Your AI agent can be hijacked by a comment in a file it reads. agentguard catches it before it ships.

CI Version Python License: MIT

agentguard scanning an innocent-looking 'report-summarizer' agent: it flags a critical injection-to-RCE chain and a destructive action, then a rescan after the two-line fix returns a clean grade-A.
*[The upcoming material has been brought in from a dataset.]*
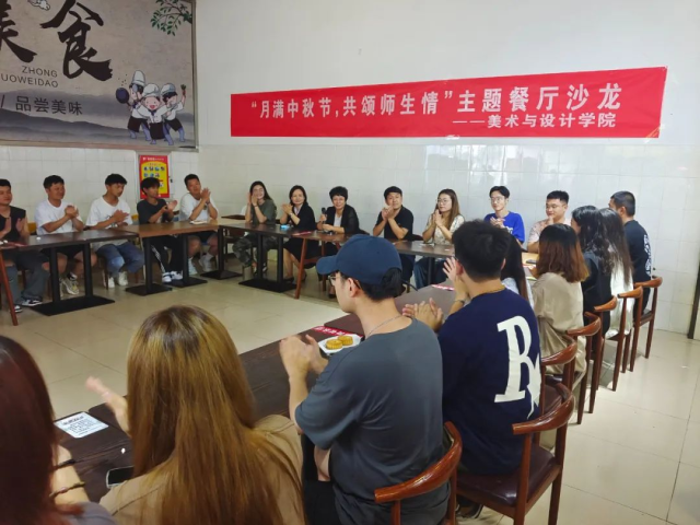 9月9日,色情网 于雅苑三楼举办“月满中秋节,共颂师生情”主题餐厅沙龙活动。学院党委副书记孙研红带领全体辅导员参加此次活动,2022级新生代表、军训教官、班主任助理共同参与。共同庆祝中秋佳节。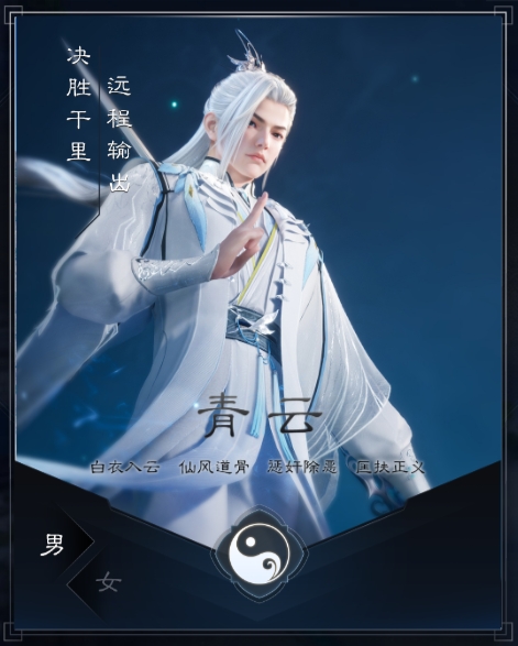 1、青云:以剑为器,操纵飞剑进行远程攻击,对单体或群体目标都有较强打击力,可驾驭雷电造成大范围伤害,还具备一定控制力。

agentguard is a security linter for AI agentseslint/semgrep, but for the markdown-with-frontmatter agent / command / skill definitions behind Claude Code (and any similar harness). Point it at a file or a folder of .md definitions; it parses what tools each agent can use, finds the prompt-injection and capability holes that turn "summarize this file" into remote code execution or data exfiltration, and returns specific, severity-ranked findings — each mapped to OWASP/MITRE and paired with the one-line fix. Deterministic, zero-dependency, no API key, no LLM call.

Star this if

  • You ship Claude Code agents, slash commands, or skills and need a CI gate for prompt-injection risk.
  • You install community plugins and want to audit them before they touch your filesystem.
  • You want deterministic local findings, not another LLM reviewing a prompt.

What you'd use it for

  • You write agents, commands, or skills. Lint them like code: catch a missing injection guard, an over-broad tools: grant, a destructive action with no confirmation, or a vague instruction — before it misbehaves in production. → agentguard .
  • You're about to install someone's plugin. Vet it before you trust it with your machine: one command shallow-clones any repo and scans it, so you see the unguarded Bash agent before you run it. → agentguard owner/repo
  • You ship a plugin, or run agents at work. Gate it in CI or pre-commit (the GitHub Action ships in this repo) so a definition can't regress unnoticed — with a baseline that fails only on new problems. → uses: yingchen-coding/agentguard@v0.1.3

The rest of this README is the proof that it actually works — starting with what it found in the wild.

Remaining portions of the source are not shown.